A photograph appeared in the broadsheets the following day of Wilkie, erect yet somehow diminished, frazzled, shrunken, being “approached for clarity” by at least eight of City’s team. Steve Lomas is shouting so hard, his prodigious ears look to be working loose, Niall Quinn seems close to tears, but it is the expression being worn by little Kinkladze that has stuck with me all these years, because it mirrored my own thoughts at the time. Kinkladze, a citizen of Tbilisi who possessed notoriously poor English skills, looks like someone has just quoted a long and distressing passage of Keats at him, so deep is his expression of abject non-comprehension. To say that Wilkie, a short man from Middlesbrough with no hair, was trying to make up for something might carry credence even today.

That bejeweled 95-96 season was the clear downturn moment for the club towards the deep and malodourous trough that they would inhabit for most of the following five years. With Alan Ball in charge and a permanently surprised looking ex-United goalkeeper Alex Stepney looking after the squad’s goalkeepers, things felt a little off-centre even before the rot set in.

Ball’s managerial style was strictly feet-on-desk, hide-behind-the Racing-Post. His sartorial style of shell suit and flat cap was equally avant-garde. Lavish was his history, though, as City’s unsubstantial squad members would frequently be reminded in team talks that started with the sigh-inducing “I’m a World Cup winner me” speech.

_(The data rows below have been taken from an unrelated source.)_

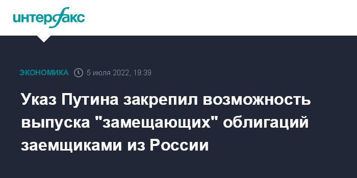 Указ Путина закрепил возможность выпуска "замещающих" облигаций заемщиками из России
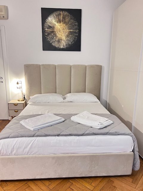 Composto da: ingresso, cucina abitabile completa di tutti gli elettrodomestici e lavastoviglie con accesso diretto al terrazzo, due camere con letto matrimoniale e bagno in marmo con doccia e sanitari di ultima generazione.
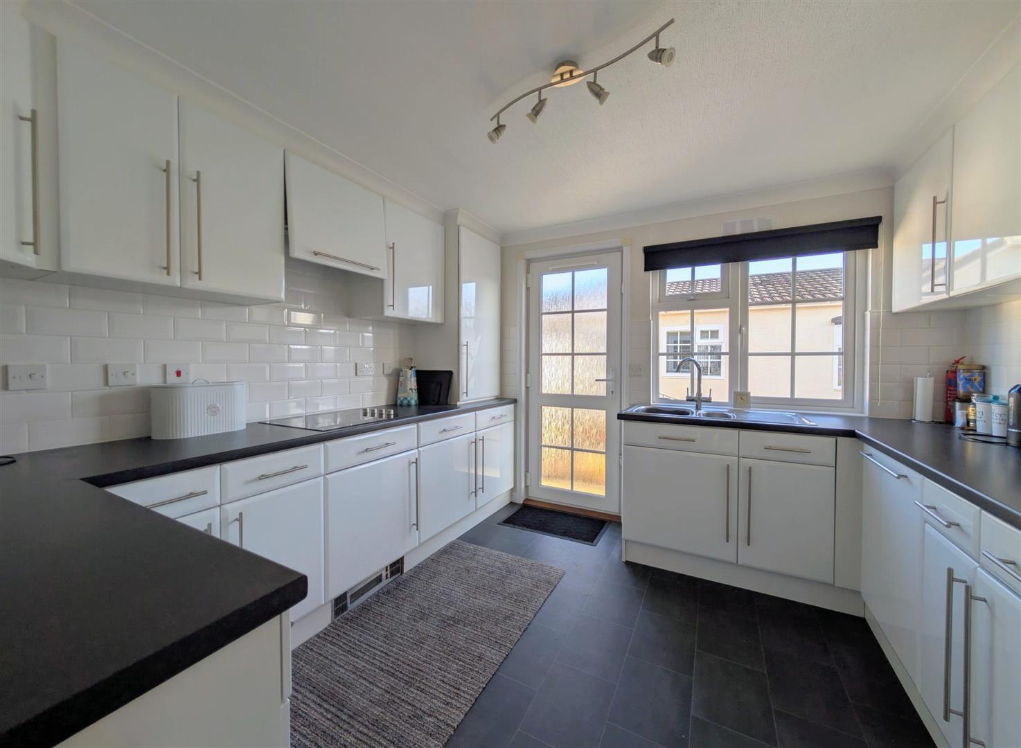 Kitchen - 3.23m x 3.15m (10'7 x 10'4) - A range of base and wall mounted units, laminated worktops, tiled splashback, single drainer one and a half bowl stainless steel sink unit with a mixer tap, built in electric double oven, ceramic hob, extractor hood, washing machine and fridge/freezer, cupboard housing the gas fired combination boiler, double radiator, coved ceiling, upvc double glazed Georgian style window and matching door to side elevation.
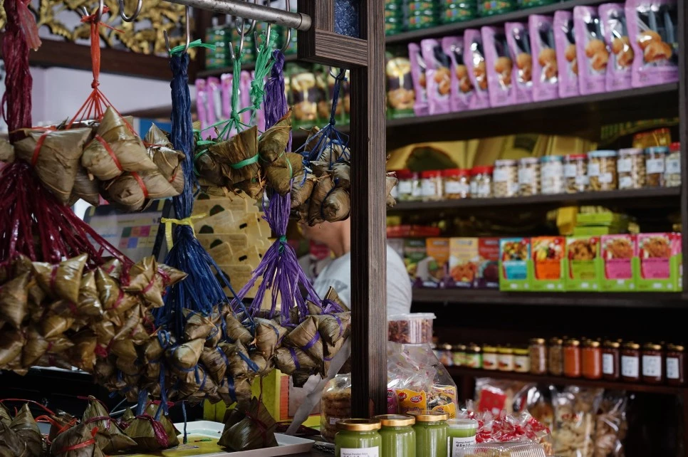 킴츄쿠에창은 1945년부터 지금까지 페라나칸 전통 요리와 향신료를 팔고 있는 곳이에요. 현재는 페라나칸 전통 의복과 신발, 다양한 액세서리도 함께 판매하고 있습니다.

Ball had seen it all before. He had shared a pitch with Eusebio and with Beckenbauer, had helped Nobby Stiles fit his false teeth and shared secret thoughts with Jack Charlton. By the time it came to telling Michael Frontzeck (incredibly, given the quality of his performances at Maine Road, himself a Euro final medal winner with Germany in 1992) how to man mark Eric Cantona, it had all become a bit samey, a bit flat, a bit airless. Like the party balloons still hanging from the light fittings three days after the music stops, managing Buster Philips, Scott Hiley and a beyond-motivation Nigel Clough in a relegation dogfight was all a bit limp. That the dogfight could have been won with a sprightly Pekinese and a sense-deprived corgi (City’s “rivals” for the drop were Southampton, Coventry, Bolton, QPR and Wimbledon) seemed not to matter.

As Colin Schindler might have said, fate had decided that, with a manager who was prepared to go out in public wearing clothes like that, we should all take our punishment. But this was not to be a slap on the back of the hand with a ruler. It was not to be a month without watching Match of the Day (which would have been a sun-kissed blessing that season). No, fate had decreed that City and the phalanx of thousands of die-hard masochists, who still couldn’t find anything better to do with their Saturday afternoons, would descend to the third division, via severe embarrassment at places like Elm Park and the County Ground and on through to the damp and cold terraces of the Racecourse Ground, the scaffolding and gravel of the Memorial Stadium and, of course, the 50,000 capacity away end at Bootham Crescent.

Fate had something quite special up its sleeve for City. We would have quite a time together, before anything noticeably improved, but, when it did, it kind of made up for all of the bad things we had witnessed, even Ball’s mauve shellsuit.

But it was not the same for all of us.

Schindler’s tome begot a short film spin off too, I remember, which raised two or three laughs on top of the original shimmer of noise afforded the book. It would be the last time Colin felt proud to be a City fan, but for the rest of us, it would be the start of a journey out of the dark and into the light. The laughter in those bad times had seen us all through to the other side and it must do so again now.